16:22:10 <mlavalle> so let's keep our eyes open for one of those failures
16:22:12 <mlavalle> as soon as I have one, I'll ping him
16:22:16 <mlavalle> yes
16:22:23 <slaweq_> ok, sounds good
16:22:25 <mlavalle> I will also update the bug if I find one
16:22:32 <slaweq_> if I will have anything new, I will update bug
16:22:33 <slaweq_> :)
16:22:45 <slaweq_> ok
16:22:50 <slaweq_> last one from last week was
16:22:53 <slaweq_> slaweq to mark fullstack security group test as unstable again
16:22:57 <slaweq_> Done: https://review.openstack.org/597426
16:23:10 <slaweq_> it's merged recently so fullstack tests should be in better shape now
16:23:49 <slaweq_> and that was all for actions from previous week
16:23:56 <slaweq_> let's move to next topic
16:23:58 <slaweq_> #topic Grafana
16:24:04 <slaweq_> http://grafana.openstack.org/dashboard/db/neutron-failure-rate
16:25:05 <slaweq_> FYI: patch https://review.openstack.org/#/c/595763/ is merged so in graphs we have now also included jobs which were TIMED_OUT
16:26:12 <mlavalle> ok
16:26:15 <slaweq_> speaking about last week, there was spike around 31.08 on many jobs
16:26:31 <slaweq_> it was related to some infra bug, fixed in https://review.openstack.org/591527
16:28:00 <njohnston> Just to note, I have a change to bump the "older" dashboards versions and to bring them in line with slaweq_'s format: https://review.openstack.org/597168
16:28:04 <mlavalle> yeah I can see that
16:28:30 <slaweq_> thx njohnston for working on this :)

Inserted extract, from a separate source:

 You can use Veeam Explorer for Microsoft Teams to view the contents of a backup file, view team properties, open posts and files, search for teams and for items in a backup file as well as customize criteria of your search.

16:28:41 <mlavalle> ok, so in principle we shouldn't worry about the spike on 8/31
16:29:00 <slaweq_> yep
16:29:47 <slaweq_> and speaking about other things I think we have one main problem now
16:29:59 <slaweq_> and it's tempest/scenario jobs issue which we already talked about
16:30:26 <mlavalle> the nova issue?
16:30:32 <slaweq_> yes
16:30:49 <mlavalle> ok, I'll stay on top of it
16:30:55 <slaweq_> this is basically most common issue I found when I was checking for job results
16:31:27 <slaweq_> and it is quite paintfull as it happens randomly on many jobs so You need to recheck jobs many times and each time different job fails :/
16:31:45 <slaweq_> because of that it is also not very visible on graphs IMO
16:31:46 <mlavalle> but the same underlying problem
16:32:15 <slaweq_> yes, from what I was checking it looks like that, culprit is the same
16:32:54 <slaweq_> ok, but let's talk about few other issues which I also found :)

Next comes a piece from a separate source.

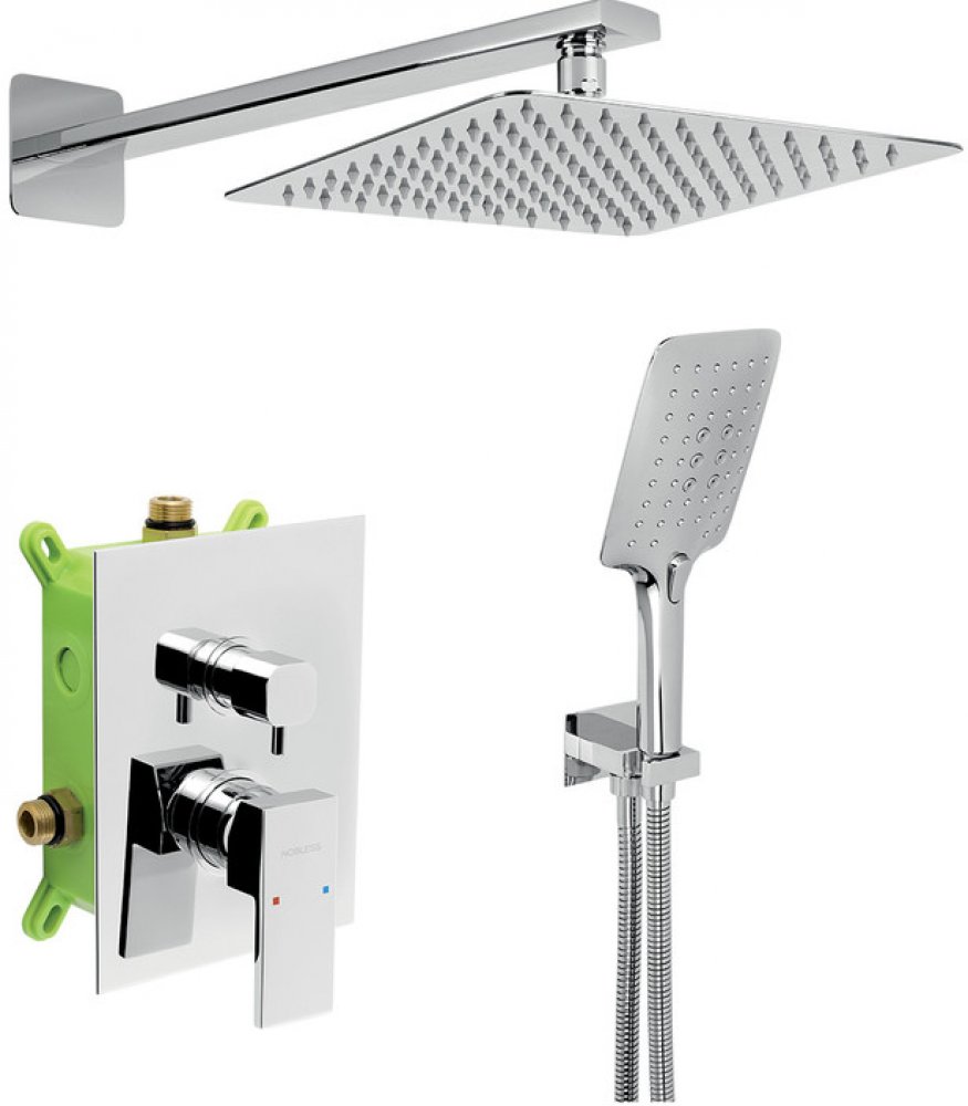 Sprchová podomítková sada s příslušenstvím. Box je dodávaný komplet včetně krytu a ovládací páky. Sada obsahuje podomítkovou sprchovou baterii s kvalitní keramickou kartuší s prodlouženou zárukou 5 let a keramickým přepínačem, kovovou hadici 150 cm, ramínko ze zdi v délce 400 mm, hlavovou sprchu ve SLIM designu v rozměru 250 x 250 mm, úspornou ruční sprchu a hranatý stěnový vývod vody s držákem na...

16:33:00 <slaweq_> #topic Tempest/Scenario
16:33:27 <slaweq_> so, except this "main" issue I found few times that same shelve/unshelve test was again failing
16:33:32 <slaweq_> examples:
16:33:39 <slaweq_> * http://logs.openstack.org/71/516371/8/check/neutron-tempest-multinode-full/bb2ae6a/logs/testr_results.html.gz
16:33:41 <slaweq_> * http://logs.openstack.org/59/591059/3/check/neutron-tempest-multinode-full/72dbf69/logs/testr_results.html.gz
16:33:43 <slaweq_> * http://logs.openstack.org/72/507772/66/check/neutron-tempest-multinode-full/aff626c/logs/testr_results.html.gz
16:33:52 <slaweq_> I think mlavalle You were checking that in the past, right?
16:34:04 <mlavalle> yeah I think I was
16:34:25 <mlavalle> how urgent is it compared to the other two I am working on?
16:34:35 <slaweq_> not very urgent I think
16:34:52 <slaweq_> I found those 3 examples in last 50 jobs or something like that
16:34:54 <mlavalle> ok, give me an action item, so I remeber
16:35:09 <mlavalle> I don't want it to fall through the cracks
16:35:29 <mlavalle> on the understanding that I'll get it to it after the others
16:35:46 <slaweq_> do You remember bug report for that maybe?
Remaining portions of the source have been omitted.